Swedish black metal and dark ambient band

Abruptum is a Swedish ambient black metal solo side-project band. It is run by Evil (Morgan Steinmeyer Håkansson) of Marduk, but the band was formed in 1989 by IT (a.k.a. Tony Särkkä). All (a.k.a. Jim Berger), Ext and Evil joined the band later. IT was one of the leaders of the True Satanist Horde, part of the Swedish Black metal scene. Euronymous, co-founder of Mayhem and founder of Deathlike Silence Productions, described Abruptum as "the audial essence of pure black evil". Conversely, Joe DaVita of Loudwire described the cover artwork to the band's 1995 release Evil Genius as "look[ing] like when the mainstream spoofs black metal."

==History==
IT had already planned to create the band in 1987, but it was not until 1990 that he found the right members to do it. The same year, they recorded their first two demos. After the release of the first demo, they fired their bass player, Ext. After the release of a 7-inch EP Evil in 1991 (later re-released by Psychoslaughter), All began to drink heavily and was forced to leave the band. IT then found a new member in "Evil". Around this time, IT reunited with All to form the side project, Vondur.

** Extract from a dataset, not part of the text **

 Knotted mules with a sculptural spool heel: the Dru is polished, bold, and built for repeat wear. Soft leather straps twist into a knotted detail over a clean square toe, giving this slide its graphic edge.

Abruptum was signed to Euronymous's label Deathlike Silence Productions, on which they released two albums. Euronymous described them as "the audial essence of pure black evil", and IT considered Euronymous to be "a true ally". After Euronymous's murder, Abruptum contributed the opening track to the compilation album Nordic Metal: A Tribute to Euronymous. Controversy surrounded Abruptum's close relationship with Euronymous, with Varg Vikernes specifically referencing Abruptum when recalling his version of the events and motives leading to the death of Euronymous. Vikernes, claiming that he killed Euronymous in self-defense, recalled in a 2006 interview:

(Euronymous) wanted to kill me for several reasons. I dumped his label, and by doing that left him with a label with only bands that sold extremely bad (Abruptum, and some other trash).

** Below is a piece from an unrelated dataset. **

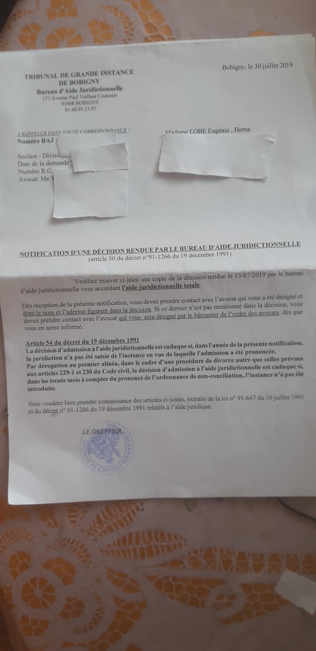 J’avais saisi le TGI de BOBIGNY et demandé un avocat pour m’aider à accéder à ma succession. 5 avocats successifs ont été désignés et tous se sont désistés. Au final, je n’ai JAMAIS PU ACCEDER A MES DROITS, bafoués par ma famille et un système illégal qui les protège.

It has been wrongly rumored IT left the band and the black metal scene altogether in 1996, following numerous threats made to him and to his family. According to IT himself and his sister/manager, that was not at all the reason for his departure from the scene, as he had simply been wanting to leave for some time until he ultimately did. Evil kept Abruptum going and released material on his own record label, Blooddawn Productions, until 2005 when he announced that he had ended Abruptum.

Since Abruptum's disbanding, IT joined an industrial band called 8th Sin, and was briefly involved with the band (Total) War along with All. All worked with IT again in Ophthalamia, but they too eventually disbanded. IT eventually died on 8 February 2017, aged 44. Evil continues his work with Marduk and Death Wolf (formerly known as Devil's Whorehouse), yet brought Abruptum back in 2008, recording and releasing an EP ("Malediction") that same year and a full-length ("Potestates Apocalypsis") in 2011 under his Blooddawn Productions label.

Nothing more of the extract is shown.